Q2 2020 results reflect the following highlights:

  • Revenues of $2,128,454, an increase of 133% from $913,769 posted in Q2 2019
  • Comprehensive income of $5,228,020 an increase of 332% from ($2,253,390) posted in Q2 2020
  • Gross margin of 59.5% an increase of 39.2% over the same period in Q2 2019
  • Cash on hand on June 30, 2020 was $1,567,777 (December 31, 2019: $34,431)
  • Backlog of signed contracts as of the date of this writing is approx. $28MM.
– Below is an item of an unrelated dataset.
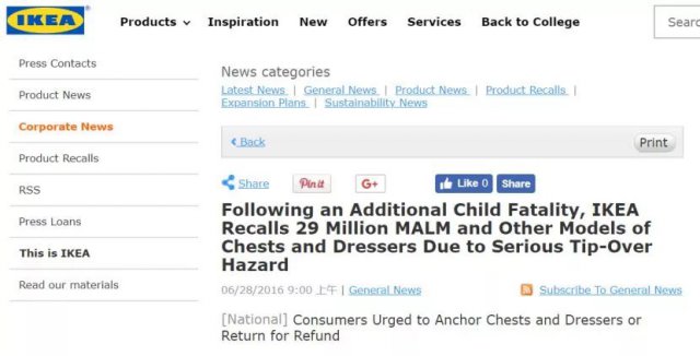 2016年6月28日,宜家開始在美國和加拿大市場(chǎng)召回馬爾姆(Malm)抽屜柜。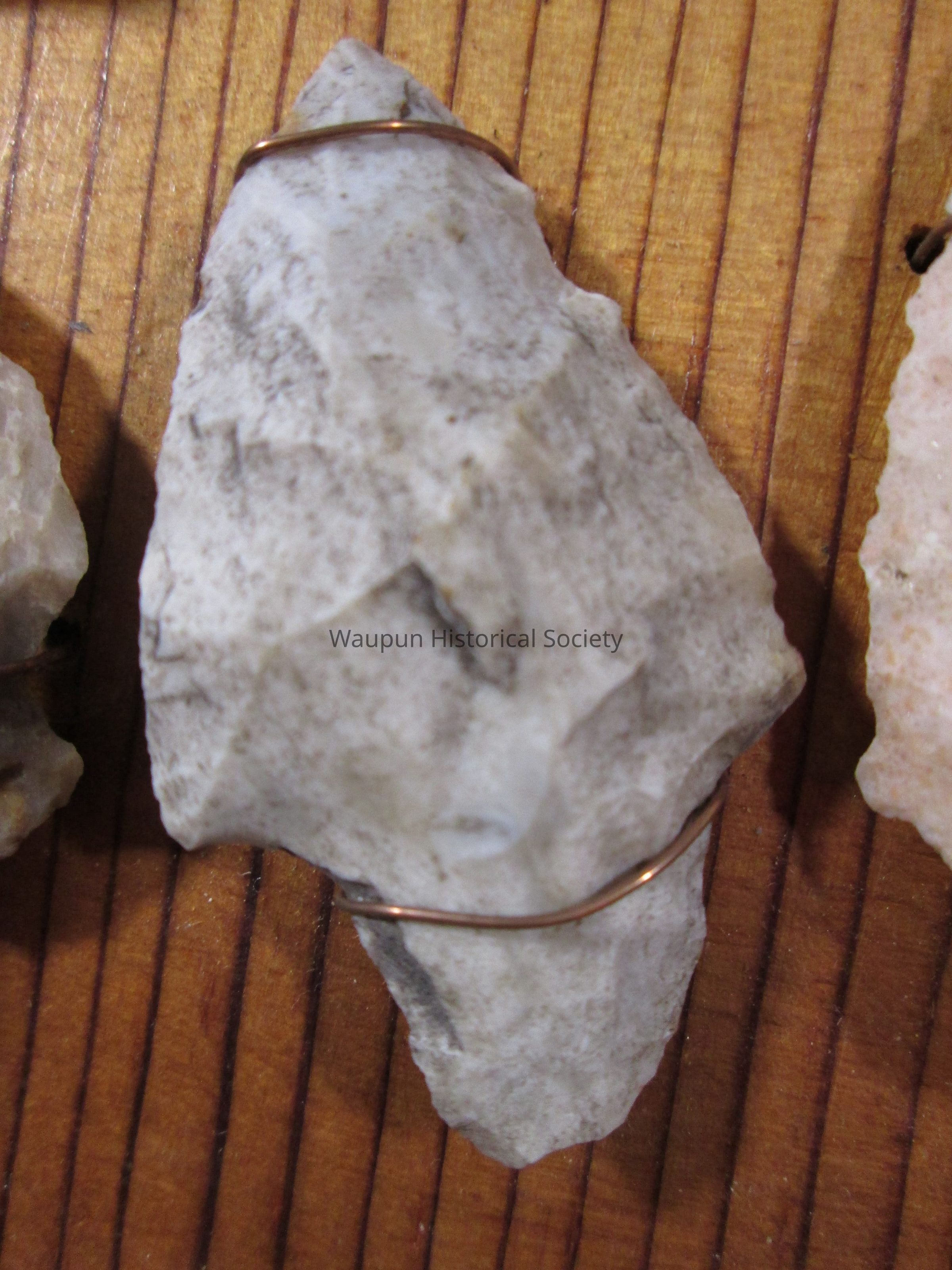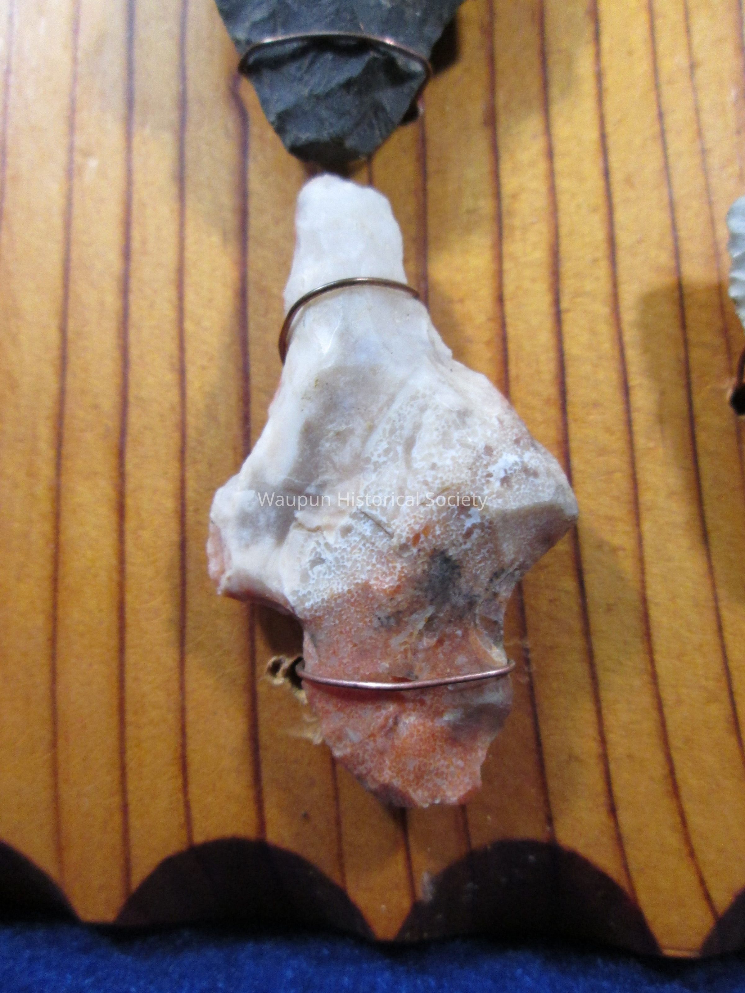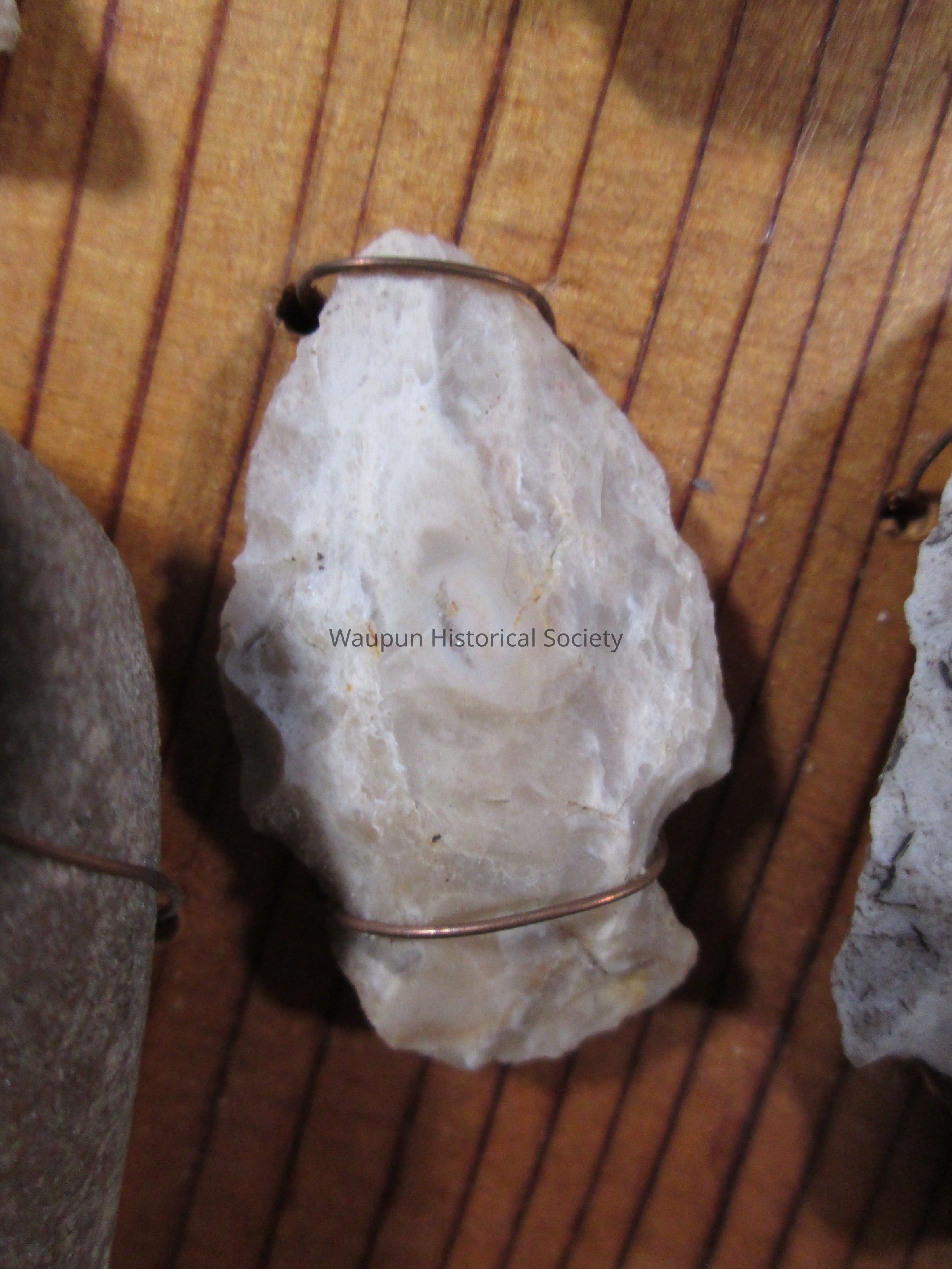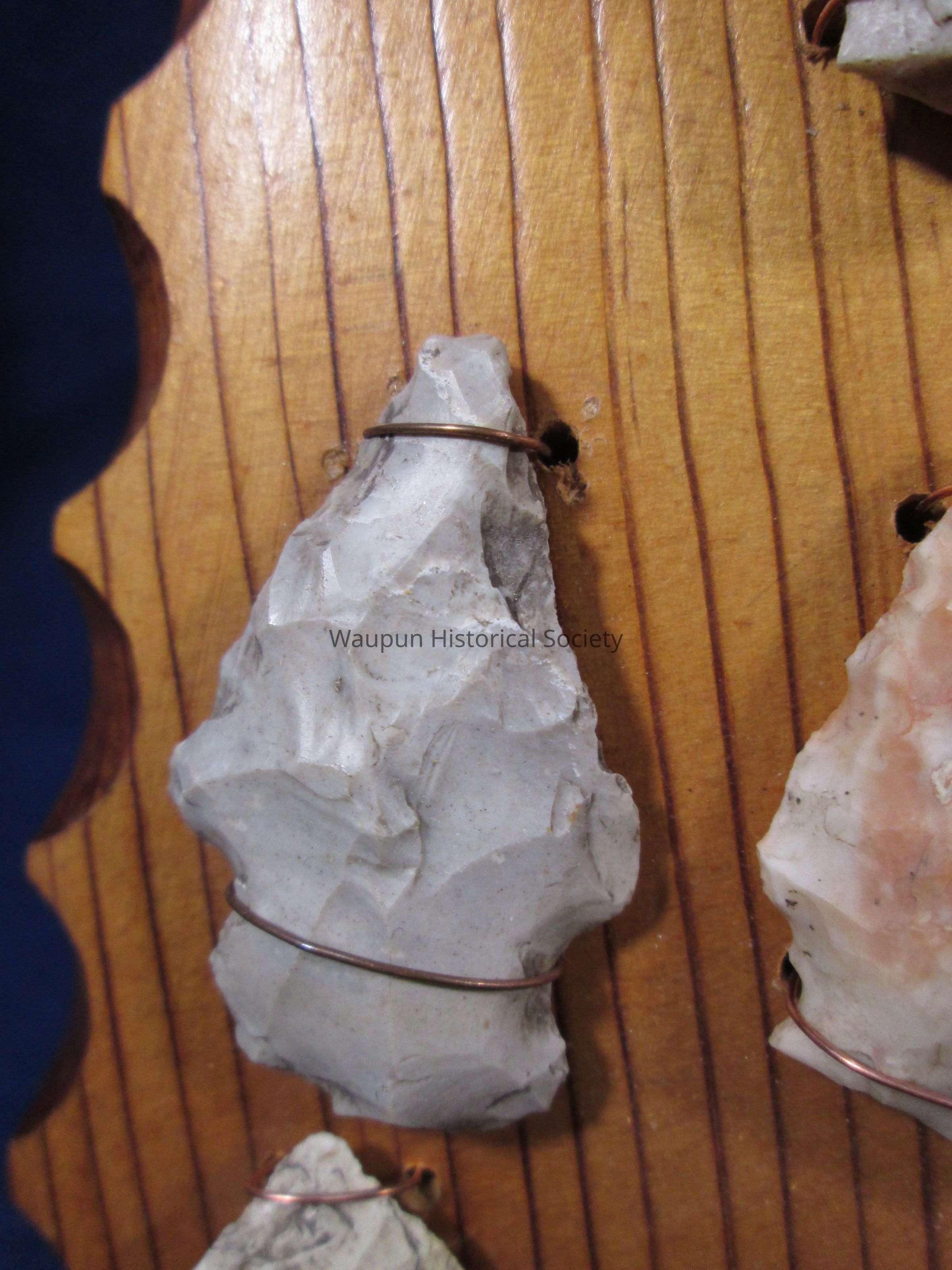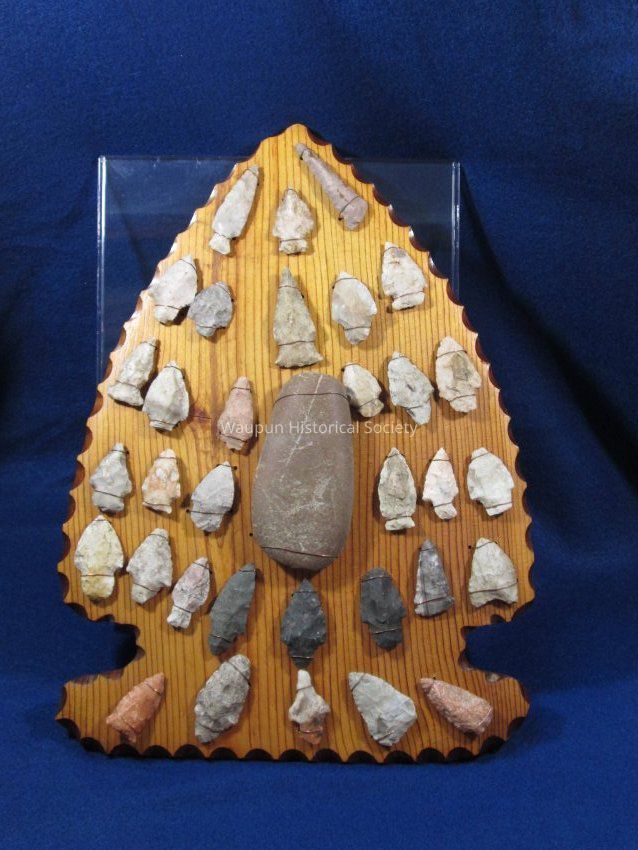 Recieved 28 groups of Native American artifacts. The artifacts are mounted on wood frames or located in a wooden box. Artifacts include axes, hammers, knives, points, arrowheads, scrappers, and drills.Acquisition

Management Guidance for Q3 2020

  • Management expects significant revenue growth
  • Management expects that Q3 2020 and the nine months ending September 30, 2020 to be profitable
  • Earnings per Share (EPS) > $0.06.

Management Guidance for full year 2020:

  • Management expects significant revenue growth in 2020
  • Earnings per Share (EPS) > $0.10.

OUTLOOK

Percent complete revenue recognition in our major projects, which is the revenue recognition method we are mandated to follow by GAAP, is such that it is not linear, but exponential and as such, Q2 is now starting to reflect the results one might expect given recent announcements. It is interesting to note that using this revenue recognition method, only $1.8MM has been recognized under the $22MM+ DROSRITE™ contract for which we have announced receipt of over $7MM, and which will be completed within the next year.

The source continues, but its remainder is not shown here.